1. The structure of allal 1c and glucal 1a in TOC and Scheme 2 are drawn too similar, which will confuse readers.
2. There are problems with the literature citation format throughout the article, and the authors need to refer to a template article for revision.
3. In the introduction part and Figure 1a, the authors should give a brief introduction to the potential applications of the activity of these two bioactive molecules. The authors should also give a brief introduction to the “potential for rapid functionalization”.

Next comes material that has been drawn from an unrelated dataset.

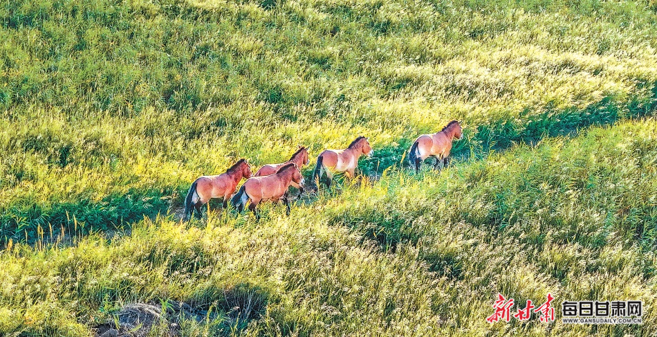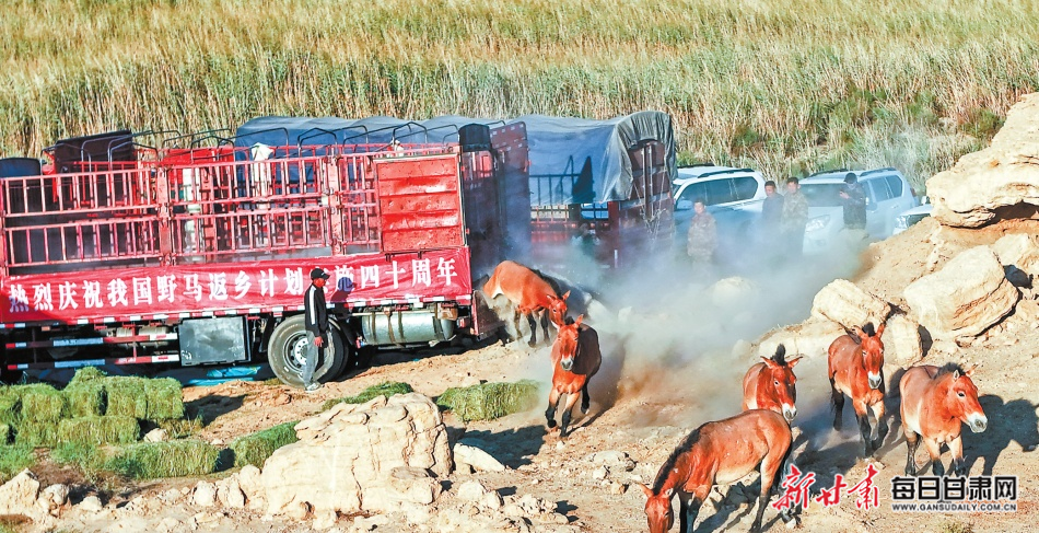 普氏野马被放归甘肃敦煌西湖国家级自然保护区核心区大马迷兔区域。

4. In footnote to Table 1, there should be a space between e and f. The authors called the perfluorinated solvent a catalyst, however they did not explain how the perfluorinated solvent catalyzes this reaction. From the analysis of the catalytic mechanism, it seems that the resin-H+ is more like a catalyst. The authors may avoid the word “catalysis” in the Table and combine them all in the “additive” column, such like “PFH (a catalytic amount)”.
5. The authors said that ”Compared to aliphatic alcohol acceptors, the yields and stereose-lectivities deteriorated for most cases probably due to the strong background reaction catalyzed by acidic hydroxyl group of phenols”. Can the authors in detail what is the strong background reaction and how the strong background reaction affect the stereoselectivity? Is there any references?

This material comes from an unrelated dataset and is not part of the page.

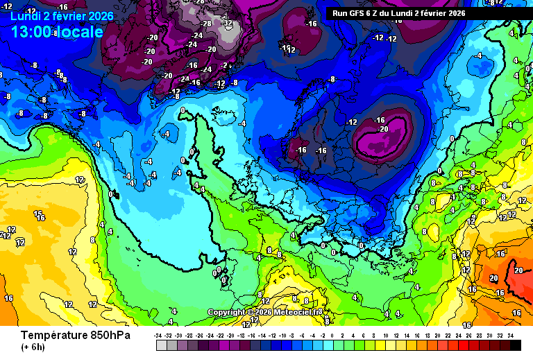 Animation des températures à 850 hPa sur l'Europe jusqu'au 7 février 2026 – via meteociel.fr

6. In conclusion, the authors concluded that “A wide range of glycal donors and glycosyl acceptors……”. However, I only saw one glycosyl acceptor (9c).

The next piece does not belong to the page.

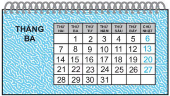 Xem tờ lịch tháng 3 sau đây rồi viết câu trả lời.

7. Please carefully check reference 4a and 4d.
8. The authors should provide proofs in SI to support the alpha/beta stereoselectivity for each compound and give explanations in detail how they calculated the alpha/beta ratios. Please carefully check the HRMS and the calculated values deviate greatly from the found values for some compounds (>30ppm). For example, for 4d, “HRMS (ESI) m/z: calcd. for C17H20O5S Na+(M + Na)+359.0924, found 359.0625”, the deviation value is 0.0299 (>80ppm).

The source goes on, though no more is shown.